The method described by Kaban and Kaya [16] was employed for the analysis of volatile compounds in sucuk samples. Headspace volatile compounds were extracted using a solid-phase microextraction (SPME) device (Supelco, Bellefonte, PA, USA). A 75 µm carboxen/polydimethylsiloxane (CAR/PDMS) fiber was utilized and placed in sealed vials for 2 h to allow adsorption of volatiles. Following extraction, the fiber was introduced into a gas chromatograph (GC; Agilent Technologies 6890N) in splitless mode, with injection at 250 °C for 6 min. The GC was coupled with a mass-selective detector (MS; Agilent Technologies 5973) to identify volatile compounds. Separation was achieved using a DB-624 capillary column (Agilent J&W Scientific, Santa Clara, CA, USA; 60 m length, 0.25 mm i.d., 1.4 µm film thickness). Helium was used as the carrier gas at a flow rate of 1 mL/min. The oven temperature program commenced at 40 °C (held for 5 min), followed by a gradual increase to 110 °C at 3 °C/min, to 150 °C at 4 °C/min, and finally to 210 °C at 10 °C/min, where it was held for 12 min. The total analysis time was 56.3 min, and the GC-MS interface temperature was maintained at 280 °C. Mass spectra were obtained using electron impact ionization at 70 eV, covering a mass range of 30–400 amu.

Compound identification was carried out by comparing the mass spectra with databases from the NIST, Flavor and Wiley, as well as by matching retention indices with those reported in the literature. Kovats indices were calculated using a reference standard (Supelco 44585-U, Bellefonte, PA, USA). The results were expressed as arbitrary units of area (AU × 10⁶) and presented as mean values from three independent replicates.

2.8. Statistical Analysis

Two independent manufacturing processes were carried out for each treatment on different days (two batters per treatment). Two random samples were taken from each treatment in each production for the analyses. The data obtained from analyses related to the use of starter cultures were statistically evaluated using a completely randomized design with two replicates. Differences between mean values were assessed using Duncan’s multiple range test, performed with SPSS version 24 software (SPSS Inc., Chicago, IL, USA). To determine relationship between the starter cultures and volatile compounds, the correlation heatmap was applied using ChiPlot [27]. To determine the relationship between the starter cultures and chemical groups of volatile compounds, PCA was carried out using the Minitab 17.1.0 software (State College, PA, USA).

3. Results and Discussion

3.1. Microbiological Results

The microbiological count results of sucuk produced with selected autochthonous starter cultures (ASCs) are shown in Figure 1. In the control group, spontaneous LAB exhibited good growth, and the addition of ASCs had no significant effect on LAB counts. Accordingly, the count of LAB was generally 8 log cfu/g at the end of the ripening period. The LAB strains used in this study showed good growth and quickly became dominant over time. These results indicate that spontaneous lactic acid bacteria exhibited good growth. Nevertheless, the composition of spontaneous microbiota is highly variable and influenced by numerous factors, making controlled fermentation inherently unpredictable. Therefore, the use of starter cultures is essential to ensure uniformity and maintain high product quality in sausages [10,21,22,28]. The main role of LAB in meat fermentation is to grow and survive under production conditions and to cause a rapid decrease in pH in the batter [29]. This result is consistent with those previously reported by Kaban and Kaya [15,30], Kaban et al. [19], and Akköse et al. [20].

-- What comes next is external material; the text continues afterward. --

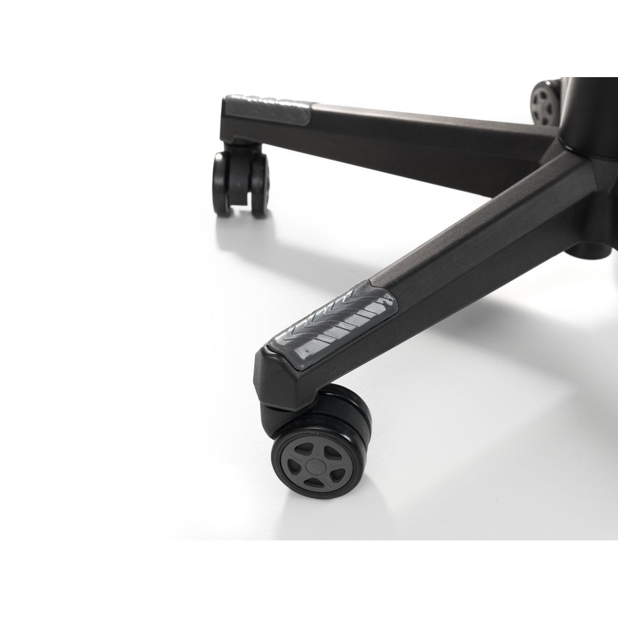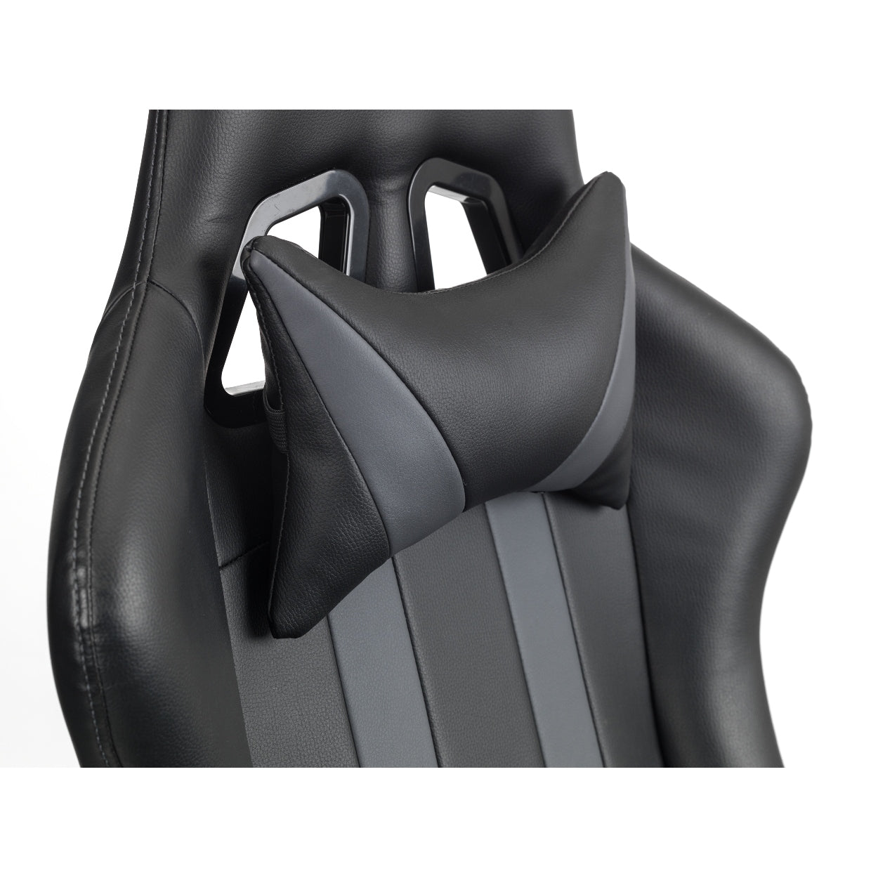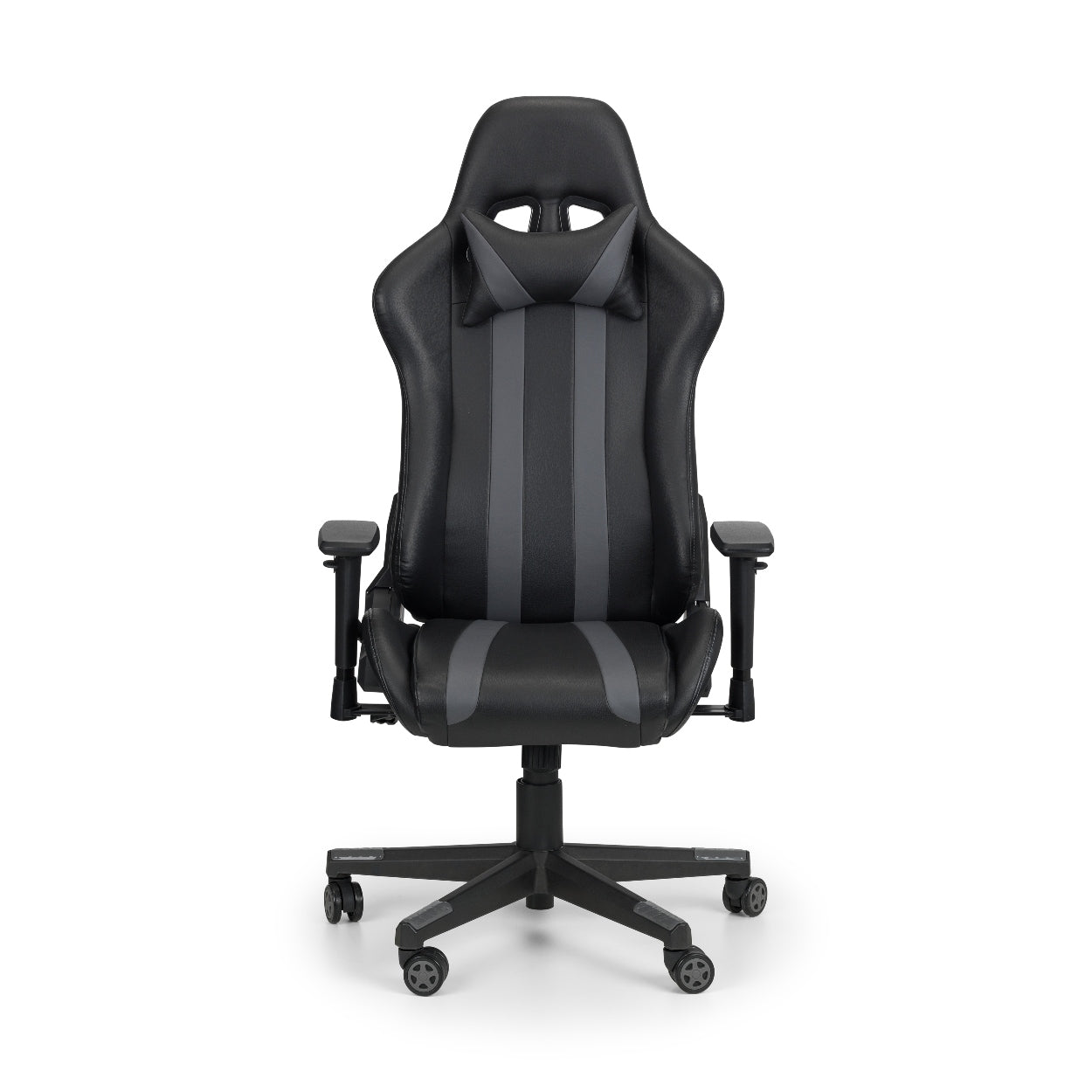 Finished in black faux leather with striking grey accents, the Meteor Gaming Chair features a high back with a head pillow, offering full back and neck support. This Chair and be fully adjusted including the armrests, allowing you to get into your best position for your hours of gameplay or long office hours. Easily move around on the Meteor gaming chair upon its 5 castors, suitable for people spending long days at a desk.

The use of ASC had a significant effect on the count of Micrococcus/Staphylococcus (p < 0.01). According to Duncan’s multiple range test, there was no statistical difference between the control group and the groups containing S. carnosus G109 in terms of Micrococcus/Staphylococcus (Figure 1). Due to the slow decrease in pH in the control group, spontaneous Micrococcus/Staphylococcus grew and reached 6 log cfu/g. In contrast, in the groups (A, B, C, D, E and F) using only autochthonous lactic acid bacteria strains (ALABS) as starter cultures, spontaneous Micrococcus/Staphylococcus counts remained lower due to rapid acidification (Figure 1). These results are due to the fact that Micrococcus/Staphylococcus are acid-sensitive microorganisms [16,30,31]. In the groups (G, H and I) containing both ALABS and S. carnosus G109, however, S. carnosus G109 maintained its viability and even exhibited slight growth despite the rapid acidification. Therefore, the Micrococcus/Staphylococcus count was higher in these groups compared to the other groups, except for the control group (Figure 1). These results show that S. carnosus G109 is a good starter culture candidate for sucuk. Corbiere et al. [32] found that S. carnosus survived under plant conditions in dry fermented sausages. In other studies on sucuk, it was reported that S. carnosus used as a starter culture significantly preserved its viability throughout the process, with Micrococcus/Staphylococcus counts of approximately 6 log cfu/g [19,30].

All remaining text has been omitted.